(Listed records Opens)

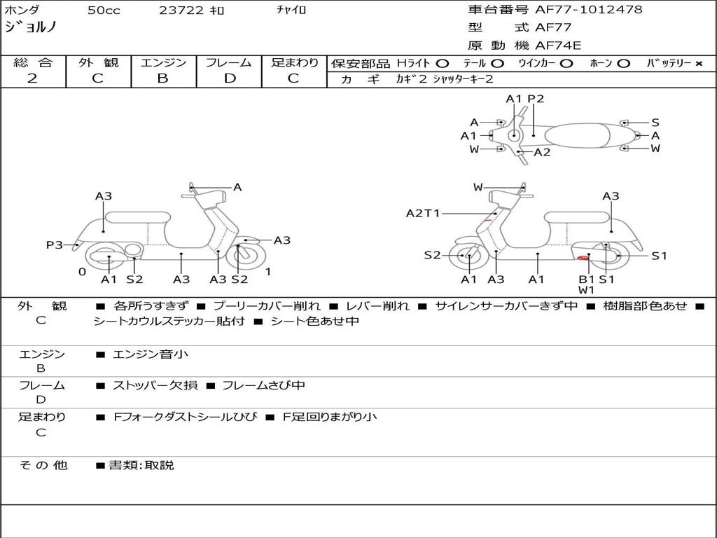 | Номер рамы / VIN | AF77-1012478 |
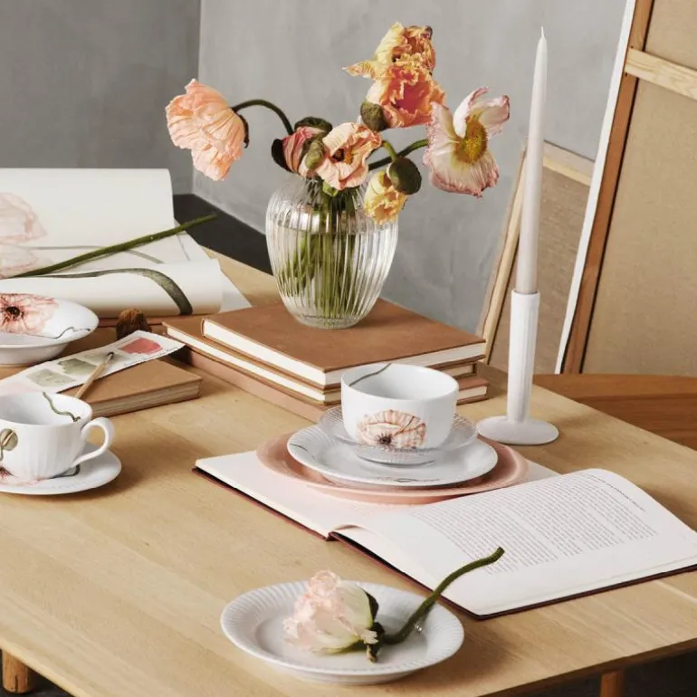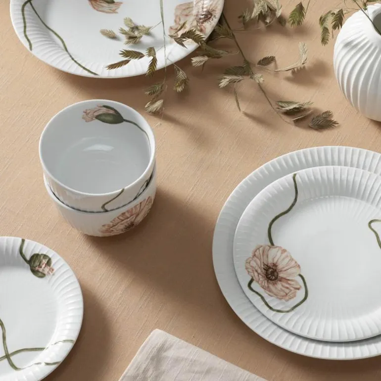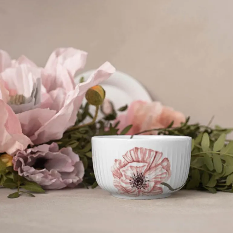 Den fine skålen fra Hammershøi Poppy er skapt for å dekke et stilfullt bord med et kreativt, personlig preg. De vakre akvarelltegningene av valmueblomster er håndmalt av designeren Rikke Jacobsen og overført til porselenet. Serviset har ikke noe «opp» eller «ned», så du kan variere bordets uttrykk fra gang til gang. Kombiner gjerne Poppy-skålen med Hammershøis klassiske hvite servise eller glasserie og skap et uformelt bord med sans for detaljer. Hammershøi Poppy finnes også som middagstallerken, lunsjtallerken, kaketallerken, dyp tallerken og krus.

(Listed records Closes)
(Listed records Opens)

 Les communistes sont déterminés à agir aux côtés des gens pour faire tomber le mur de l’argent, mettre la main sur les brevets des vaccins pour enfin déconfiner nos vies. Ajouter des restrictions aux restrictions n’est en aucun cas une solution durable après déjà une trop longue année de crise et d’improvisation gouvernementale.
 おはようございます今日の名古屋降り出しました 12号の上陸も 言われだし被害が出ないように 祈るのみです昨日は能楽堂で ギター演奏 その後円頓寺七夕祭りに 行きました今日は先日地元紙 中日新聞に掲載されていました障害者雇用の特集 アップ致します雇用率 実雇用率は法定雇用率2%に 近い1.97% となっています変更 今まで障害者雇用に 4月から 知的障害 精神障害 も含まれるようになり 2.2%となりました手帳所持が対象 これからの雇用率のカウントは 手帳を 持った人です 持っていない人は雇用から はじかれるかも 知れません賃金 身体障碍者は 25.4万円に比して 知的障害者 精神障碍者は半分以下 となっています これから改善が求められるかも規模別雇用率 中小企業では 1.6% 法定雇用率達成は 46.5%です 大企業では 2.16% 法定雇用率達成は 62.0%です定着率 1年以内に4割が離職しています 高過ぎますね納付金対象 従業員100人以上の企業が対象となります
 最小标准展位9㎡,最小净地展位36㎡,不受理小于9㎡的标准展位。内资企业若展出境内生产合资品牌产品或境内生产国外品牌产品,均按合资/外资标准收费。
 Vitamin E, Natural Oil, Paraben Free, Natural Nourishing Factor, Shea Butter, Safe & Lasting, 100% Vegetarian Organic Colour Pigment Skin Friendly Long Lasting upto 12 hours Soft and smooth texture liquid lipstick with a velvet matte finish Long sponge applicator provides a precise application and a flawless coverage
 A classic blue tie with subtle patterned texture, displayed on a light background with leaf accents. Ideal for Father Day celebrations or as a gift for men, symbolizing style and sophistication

(Listed records Closes)
(Listed records Opens)

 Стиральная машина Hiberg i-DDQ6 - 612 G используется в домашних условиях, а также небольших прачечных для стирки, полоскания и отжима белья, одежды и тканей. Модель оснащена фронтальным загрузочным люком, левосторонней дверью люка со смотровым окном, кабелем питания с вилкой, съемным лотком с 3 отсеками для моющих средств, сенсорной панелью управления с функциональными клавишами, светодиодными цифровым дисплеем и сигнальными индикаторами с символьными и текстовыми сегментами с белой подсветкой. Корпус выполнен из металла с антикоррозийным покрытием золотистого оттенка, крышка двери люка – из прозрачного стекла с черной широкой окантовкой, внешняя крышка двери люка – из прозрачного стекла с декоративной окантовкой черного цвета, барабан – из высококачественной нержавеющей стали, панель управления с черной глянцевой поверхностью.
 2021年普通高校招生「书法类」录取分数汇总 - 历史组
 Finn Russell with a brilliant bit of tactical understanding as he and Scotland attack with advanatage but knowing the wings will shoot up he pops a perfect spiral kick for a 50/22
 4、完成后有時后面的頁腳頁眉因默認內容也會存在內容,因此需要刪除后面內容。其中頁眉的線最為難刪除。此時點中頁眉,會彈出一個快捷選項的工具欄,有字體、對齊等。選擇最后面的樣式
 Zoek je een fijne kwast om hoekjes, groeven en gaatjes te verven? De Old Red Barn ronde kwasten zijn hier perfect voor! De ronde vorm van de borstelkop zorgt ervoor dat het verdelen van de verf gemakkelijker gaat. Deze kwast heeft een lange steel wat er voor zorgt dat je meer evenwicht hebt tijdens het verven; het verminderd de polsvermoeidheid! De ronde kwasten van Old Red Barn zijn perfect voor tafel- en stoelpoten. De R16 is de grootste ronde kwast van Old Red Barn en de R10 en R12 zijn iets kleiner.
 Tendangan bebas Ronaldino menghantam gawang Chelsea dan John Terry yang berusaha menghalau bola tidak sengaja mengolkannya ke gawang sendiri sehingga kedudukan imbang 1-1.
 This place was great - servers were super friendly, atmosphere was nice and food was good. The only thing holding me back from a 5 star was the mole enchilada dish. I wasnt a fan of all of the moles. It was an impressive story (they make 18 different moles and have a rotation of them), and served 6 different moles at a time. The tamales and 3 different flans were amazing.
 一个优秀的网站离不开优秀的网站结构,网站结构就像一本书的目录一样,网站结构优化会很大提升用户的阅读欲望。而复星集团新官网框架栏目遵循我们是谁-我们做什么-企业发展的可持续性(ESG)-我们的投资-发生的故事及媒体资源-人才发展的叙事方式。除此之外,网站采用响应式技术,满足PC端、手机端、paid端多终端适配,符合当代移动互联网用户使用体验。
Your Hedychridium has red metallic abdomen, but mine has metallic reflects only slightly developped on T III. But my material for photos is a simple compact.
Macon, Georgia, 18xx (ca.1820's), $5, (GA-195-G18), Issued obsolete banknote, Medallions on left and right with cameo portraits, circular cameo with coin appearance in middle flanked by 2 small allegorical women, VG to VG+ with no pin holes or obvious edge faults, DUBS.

(Listed records Closes)

The range runs from the line above containing "Les communistes sont" to the line containing "A classic blue", inclusive. Restate those lines word for word and no others.

 Les communistes sont déterminés à agir aux côtés des gens pour faire tomber le mur de l’argent, mettre la main sur les brevets des vaccins pour enfin déconfiner nos vies. Ajouter des restrictions aux restrictions n’est en aucun cas une solution durable après déjà une trop longue année de crise et d’improvisation gouvernementale.
 おはようございます今日の名古屋降り出しました 12号の上陸も 言われだし被害が出ないように 祈るのみです昨日は能楽堂で ギター演奏 その後円頓寺七夕祭りに 行きました今日は先日地元紙 中日新聞に掲載されていました障害者雇用の特集 アップ致します雇用率 実雇用率は法定雇用率2%に 近い1.97% となっています変更 今まで障害者雇用に 4月から 知的障害 精神障害 も含まれるようになり 2.2%となりました手帳所持が対象 これからの雇用率のカウントは 手帳を 持った人です 持っていない人は雇用から はじかれるかも 知れません賃金 身体障碍者は 25.4万円に比して 知的障害者 精神障碍者は半分以下 となっています これから改善が求められるかも規模別雇用率 中小企業では 1.6% 法定雇用率達成は 46.5%です 大企業では 2.16% 法定雇用率達成は 62.0%です定着率 1年以内に4割が離職しています 高過ぎますね納付金対象 従業員100人以上の企業が対象となります
 最小标准展位9㎡,最小净地展位36㎡,不受理小于9㎡的标准展位。内资企业若展出境内生产合资品牌产品或境内生产国外品牌产品,均按合资/外资标准收费。
 Vitamin E, Natural Oil, Paraben Free, Natural Nourishing Factor, Shea Butter, Safe & Lasting, 100% Vegetarian Organic Colour Pigment Skin Friendly Long Lasting upto 12 hours Soft and smooth texture liquid lipstick with a velvet matte finish Long sponge applicator provides a precise application and a flawless coverage
 A classic blue tie with subtle patterned texture, displayed on a light background with leaf accents. Ideal for Father Day celebrations or as a gift for men, symbolizing style and sophistication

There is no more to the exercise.